As a data analyst you are often tasked with finding out the impact of an intervention (action, campaign, product release etc.) on some KPI. It’s “easy” when you are able to set up an ab-test and measure incremental gain/loss between control- and test-group. Implementing ab-tests (aka. split-tests, randomized experiments or hypothesis tests) should always be the number one choice for trying to measure causal impact of an action. In my view one of the most important jobs of a data scientist is to evangelize ab-testing as one of the cornerstones of becoming data driven.
There are scenarios where implementing ab-tests is not possible, for example TV campaigns or mobile app releases. In this case it’s tempting to resort to looking at graphs of the KPI before and after the intervention. For example, if a TV campaign was aired in April 2014 one could compare the sales increases from March to April 2014. To get a grip on seasonality these could be compared to the sales increases from March to April in 2013 and 2012. This is most likely better than nothing. But the problem with this is that it doesn’t take into account developments that might have led to the number of sales in March and differences in absolute levels. For example, March sales were on a high level in 2013 because of a successful product launch and sales decreased in April 2013 by -x%. If sales increased slightly from March 2014 to April 2014 by y% than it’s tempting to say that the absolute effect is x+y%, which of course is wrong.
Another method could be to do time-series-analysis (e.g. in R: http://www.statmethods.net/advstats/timeseries.html) and try to “forecast” how sales would have looked like, if there wasn’t an intervention. The forecasted time-series could be seen as a synthetic control and once compared to the actual number of sales gives an estimate of the sales-impact the intervention had. The validity of this approach of course depends heavily on the quality of the time-series-analysis and forecast accuracy. But given a sufficiently accurate forecasting-model this approach is preferable to the simple “before-and-after” analysis described above.
In September Google published “CausalImpact”, which is a new open-source R package for estimating causal effects in time-series (http://google-opensource.blogspot.de/2014/09/causalimpact-new-open-source-package.html). The aim of the package is to solve the problem of estimating the effect of an intervention when an ab-test isn’t available. Simply put, it is based on the before mentioned approach of producing a synthetic control via time-series modelling. In addition to that, it incorporates control time-series which predict (correlate with) the outcome of the time-series in the period before the intervention to produce the synthetic control. For example if the above mentioned TV campaign was aired in April 2014 in Germany only, than adequate control time-series could be the number of sales in other countries, e.g. the US or Japan.
The plot on the left displays the result of the CausalImpact-package: Given an intervention at time point 71 the model predicts the expected time-series if there wasn't an intervention (the dotted line in the diagram labeled original).
The difference of the predicted (dotted line) to the actual time-series (solid line) is the effect of the intervention, which is displayed per time-point (pointwise) and cumulative.
It’s important to choose control variables that are not affected by the intervention. Choosing sales from countries such as Switzerland or Austria, which might have been impacted by the TV campaign Germany could result in invalid estimates.
This package is based on Bayesian structural time-series models and applies Markov chain Monte Carlo algorithms for model inversion. The paper is available here: http://static.googleusercontent.com/media/research.google.com/en//pubs/archive/41854.pdf.
Validating ones assumptions is critical when doing this kind of causal analysis. As already mentioned, it’s important to check that the incorporated control time-series are not affected by the intervention.

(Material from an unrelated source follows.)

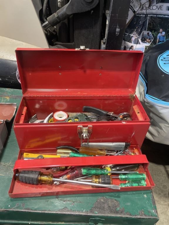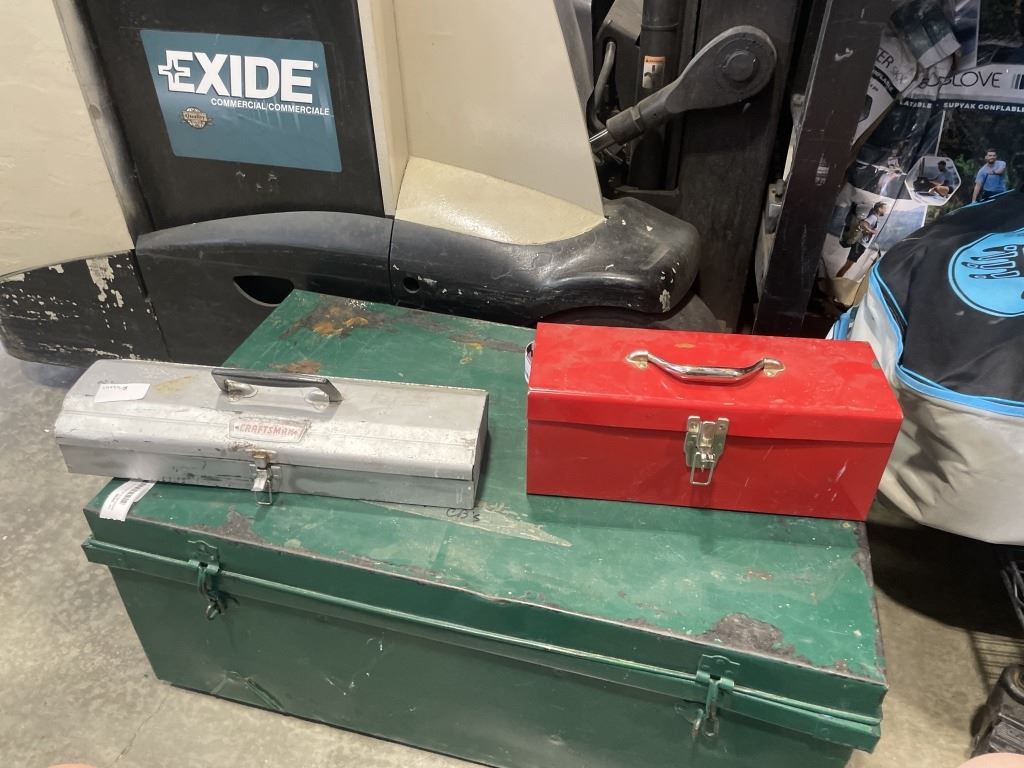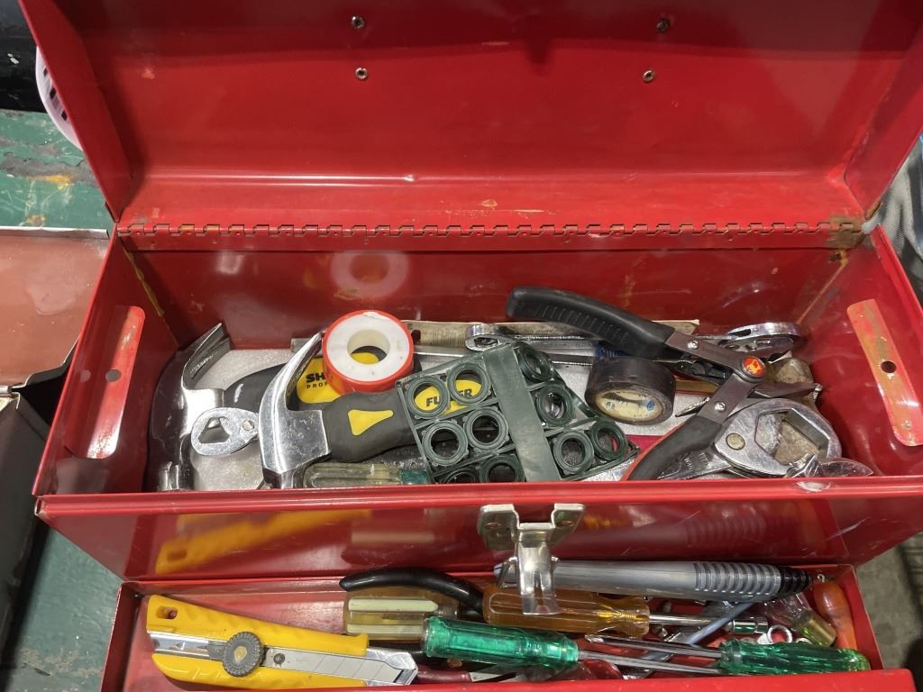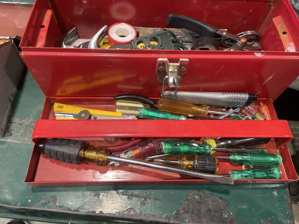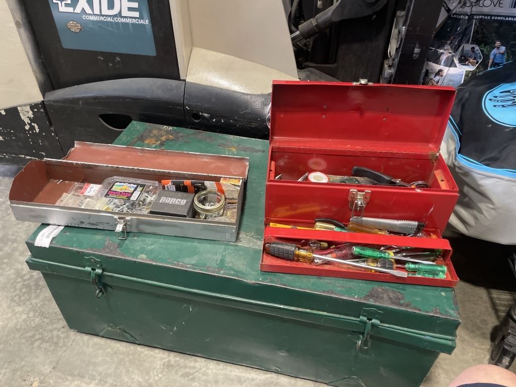 2 METAL TOOL BOXES AND ASSORTED HAND TOOLS

Secondly, one should understand how good this approach can predict the time-series in question before the intervention, in the TV campaign example the number of sales in Germany before April 2014. Using a fake intervention, say in March 2014, one would expect not to find a significant effect for this period, since there really was no intervention.
It’s probably tempting to only use this kind of approach and disregard ab-tests altogether. One could argue that the costs for implementing ab-tests might be higher. But I would always prefer an ab-test over doing time-series analysis. One of the many reasons is that ab-tests can control for external local impacts such as weather or special events, which this time-series-modelling can’t.
We used the CausalImpact-package to assess the effect of a recent TV campaign at Jimdo. Interestingly, the simple before- and after-comparison would have underestimated the impact compared to the analysis with the CausalImpact-package.